Embodiments herein generally relate to using tone reproduction curves to maintain optimal print engine performance.
As described in U.S. Patent Publication 2004/0165199 (incorporated herein by reference) an imaging device in the form of a printer or copier typically creates images using combinations of four colors of marking agents or colorants, such as cyan, magenta, yellow and black (CMYK). The images are created based on image data which assigns at least one of the four colors and a numerical color intensity or input color value to each picture element or pixel in the image.
A problem is that, due to manufacturing variations, different imaging devices can output different intensities of color based on identical image data. The density of the toner laid down on the print medium determines the color intensity. The denser or thicker the toner is laid down on a white print medium such as paper, the less white is visible through the toner on the paper. Consequently, the denser the toner, the less the lightness of the toner color, and the greater the intensity of the toner color.
Because there is such variation in toner density laid down by different imaging devices based on identical image data, color intensities that are output by some imaging devices can be outside of an acceptable range. Thus, in order to ensure that each imaging device outputs color intensities that closely correspond to the color intensities specified by the image data, each imaging device should be individually calibrated to output appropriate color intensities.
One approach in calibrating an imaging device is to use a tone reproduction curve (TRC), which is a modeled mathematical relationship between the input color values and the colorant amounts that must be sent to the imaging device in order to produce the intensities specified by the input color values. The TRC is a continuous curve on a plot of input color values versus output colorant values that represents a best fit of the discrete data points matching each input color value with an output colorant value that, when rendered on the given device, produces the intensity specified by the input color value.
As described in U.S. Pat. No. 6,694,109 (incorporated herein by reference) in the case of printing devices such as a laser printer, the surface that is typically of most interest in determining the density of printing material thereon is the charge retentive surface or photoreceptor on which the electrostatic latent image is formed and subsequently developed by causing toner particles to adhere to areas thereof that are charged in a particular way. In such a case, an optical device, often referred to as a densitometer, for determining the density of toner on the test patch is disposed along the path of the photoreceptor directly downstream of the development unit. There is typically a process within the operating system of the printer to periodically create test patches of the desired density at predetermined locations on the photoreceptor by deliberately causing the exposure system thereof to change or discharge as necessary the surface at the location to a predetermined extent.
The test patch is then moved past the developer unit and the toner particles within the developer unit are caused to adhere to the test patch electrostatically. The denser the toner on the test patch, the darker the test patch will appear in optical testing.
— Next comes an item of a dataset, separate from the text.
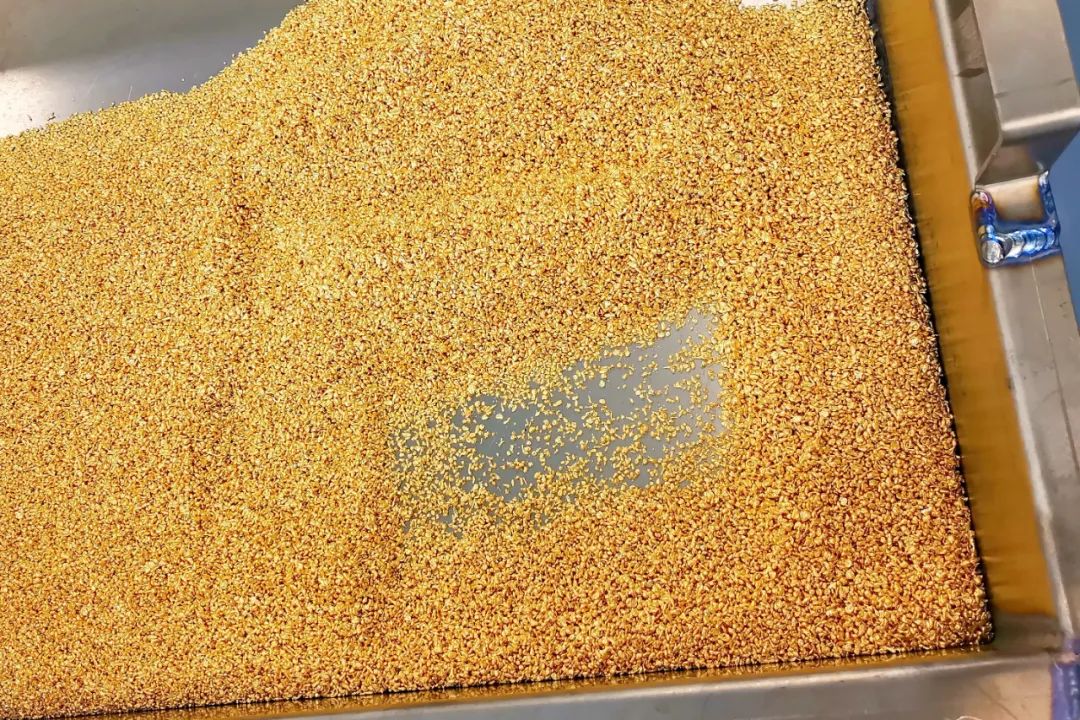 “溶金在溶金釜中進行,溶金釜中的黃金由固體變?yōu)橐后w,先把不能溶解的雜質(zhì)過濾掉,再通過管道輸送到還原釜中進行還原,然后將過濾好的液體金還原成固體海綿金,經(jīng)過清水清洗烘干后再次熔金,最終倒入模具中,凝固后取出過水冷卻擦干?!?span style="margin:0px;padding:0px;outline:0px;max-width:100%;box-sizing:border-box !important;overflow-wrap:break-word !important;color:#000000;font-family:PingFangSC-Light;font-size:14px;letter-spacing:2px;text-align:start;text-indent:28px;widows:1;">張文龍解釋說,“下面要準備澆鑄生產(chǎn)工序,先把熔好的金塊放入制粒機,通過熔化,漏到水中,制成很小的金顆粒,方便后道工序配重。這個過程叫制粒?!?/span>

The developed test patch is moved past a densitometer disposed along the path of the photoreceptor and the light absorption of the test patch is tested. The density of toner on the patch varies in direct relationship to the percentage of light absorbed by the test patch.
Test patches that are used to measure the deposition of toner on paper to measure and control the tone reproduction curve (TRC) are traditionally printed on inter-document zones of the photoreceptor belts or drums. Generally, each patch is a small square that is printed as a uniform solid halftone or background area. This practice enables the sensor to read values on the TRC for each test patch.
A processor of the imaging device calculates a separate TRC for each of the colors or separations of the imaging device. The TRCs are used to calibrate the imaging device. More particularly, once such TRCs are established for an imaging device, the TRCs can be used to correlate input color values with imaging device output image colorant values or color intensities. In addition, a multi-dimensional look up table or LUT is often calculated to account for interactions among the colorants and to accommodate different input color spaces, for example, CIELAB or sRGB. Numerous techniques exist in the prior art for deriving LUTs and TRCs for printer calibration and characterization.
Each of the test patches is formed with a different combination of a colorant (C, M, Y or K) and a numeric input color value. The input color value specifies the desired colorant density, and consequently, the desired output lightness color value or color intensity. The density of the colorant on the test patches varies as a function of the input color value. Thus, optically measuring the density of the patches provides an indication of the input color values with which the patches were made. The denser the colorant on the test patch, the more light will be absorbed by the colorant, and the less light will be reflected back to the optical color-measuring device. This indicates a greater intensity provided by the colorant. The printed test patches are moved past the color-measuring device, and the light absorption of the test patch is measured.
The measurements of the test patches and the input color values used to construct them are used to calculate the TRC. The accuracy of the TRC increases with the number of data points that it is based upon. Measurement error drops by a factor of the square root of the number of measurements. However, from a cost viewpoint, it is desirable to minimize the number of test patches that are printed, since printing test patches consumes a significant amount of colorant.